Emblems of Perfect Happiness

Well, here it is the last day of June, and the kids and I are feeling that summer has just begun. Eleanor is finished with her summer school class. Walker and I are finished with Peter Pan, which played to sellout crowds every night and got Walker a mention in the local paper for being a "memorably chipper" Tootles. I just turned in my annual report for the Writing Center, due every year by the end of June. So we're ready for days without deadlines. Summer days. For me, emblems of perfect happiness.

Trouble is, the newspaper confirmed this morning that this has been a record-breaking June for rainfall, and today it's raining again. So we can't really do happy summer things, despite our new feeling of freedom. It makes me think of a poem I have a love/hate relationship with. I memorized the first stanza of this poem long ago, because I love it so much. But I hate the second stanza. I'd like to do like Emily Dickinson's sister, who blacked out an entire stanza of the poem "wedded" that talked about how Emily didn't want to be wedded.

It may seem premature to think of August thunderstorms right now, but we feel thunderstorm-scarred already this summer, having just replaced all of the electronics that fell prey to our own personal lightning strike. Anyway, this is Philip Larkin's Mother, Summer, I:

My mother, who hates thunderstorms,
Holds up each summer day and shakes
It out suspiciously, let swarms
Of grape-dark clouds are lurking there;
But when the August weather breaks
And rains begin, and brittle frost
Sharpens the bird-abandoned air,
Her worried summer look is lost.

And I her son, though summer-born
And summer-loving, none the less
Am easier when the leaves are gone;
Too often summer days appear
Emblems of perfect happiness
I can't confront: I must await
A time less bold, less rich, less clear:
An autumn more appropriate.

Maybe it's because Larkin was a Brit that he felt he couldn't confront those emblems of perfect happiness. The British have a peculiar attitude about things being too much--it's like the line in Peter Pan about the cake being "much too damp and rich for you." I always feel quite ready to enjoy the perfect happiness of summer days. July 4-8 is my absolute favorite time of the year, between parades and fireworks and picnics and my birthday (the 8th), when I almost always persuade someone to spend the day swimming with me. And the weather almost always cooperates.

2 comments:

Anonymous said...

I love it when teh "August weather breaks" and that first bit of fall is lovely. The "cold November in my soul" - Larkin is welcome to it.

-lemming

Anonymous said...

I must be British at my soul as well as in my genealogy, then. One of my favorite seasonal snatches of poetry comes from Elinor Wylie:

Down to the Puritan marrow of my bones
There's something in this richness that I hate.
I love the look , austere, immaculate,
Of landscapes drawn in pearly monotones.
There's something in my very blood that owns
Bare hills, cold silver on a sky of slate,
A thread of water, churned to milky spate
Streaming through slanted pastures fenced with stones.

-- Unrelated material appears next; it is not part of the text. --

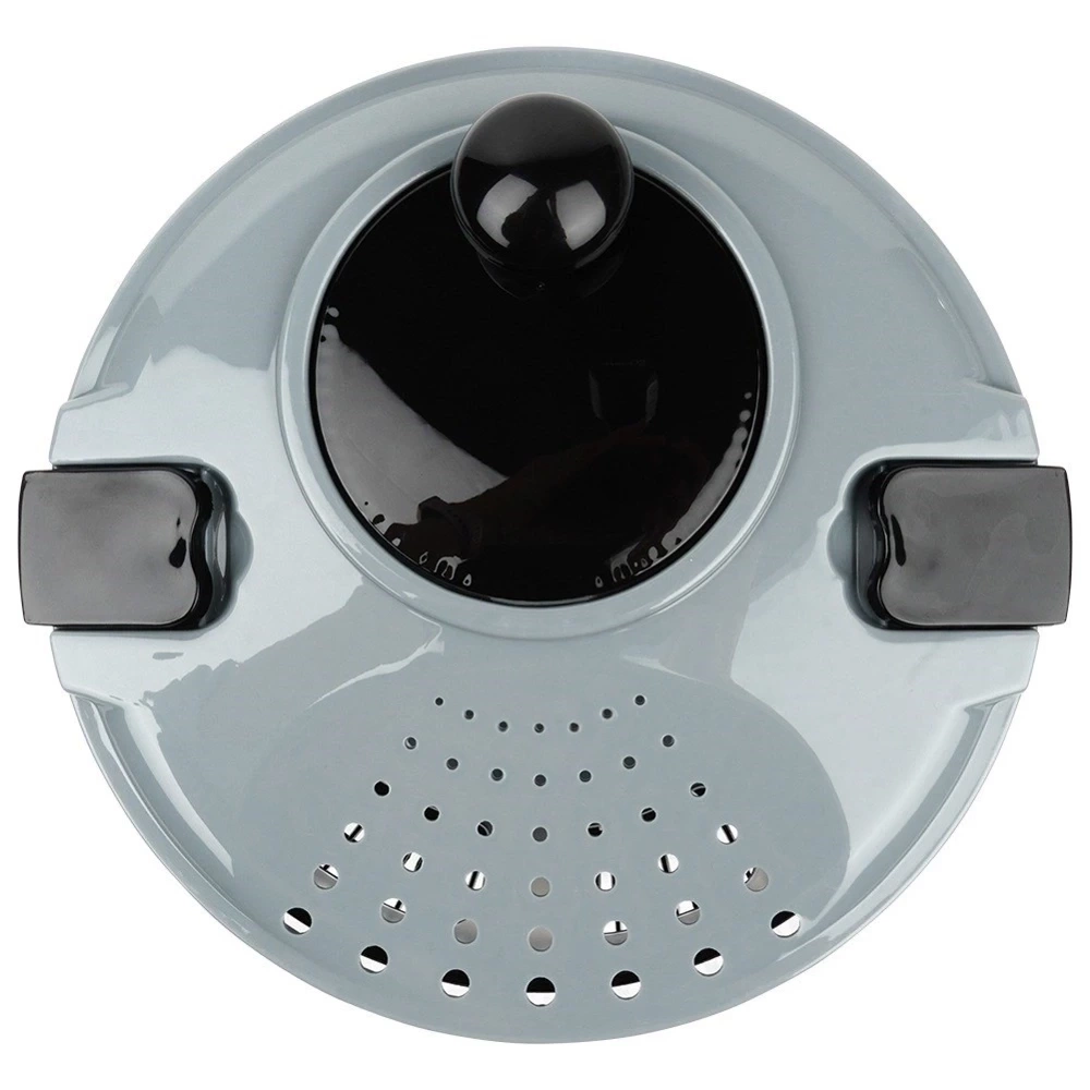 - Solidna i wytrzymała - Misa wykonana z wytrzymałego tworzywa w przezroczystym kolorze. Koszyk w kolorze czarnym, a pokrywka w szarym kolorze z elementami czarnymi.

I love those skies, thin blue or snowy gray.
Those fields, sparse planted, rendering meager sheaves;
That spring, briefer than the apple-blossom's breath,
Summer, so much too beautiful to stay,
Swift autumn, like a bonfire of leaves,
And sleepy winter, like the sleep of death.


I remember thinking, my first year at college, how I loved the look of the winter sky when it appeared as the rinsings of someone's watercolor brushes.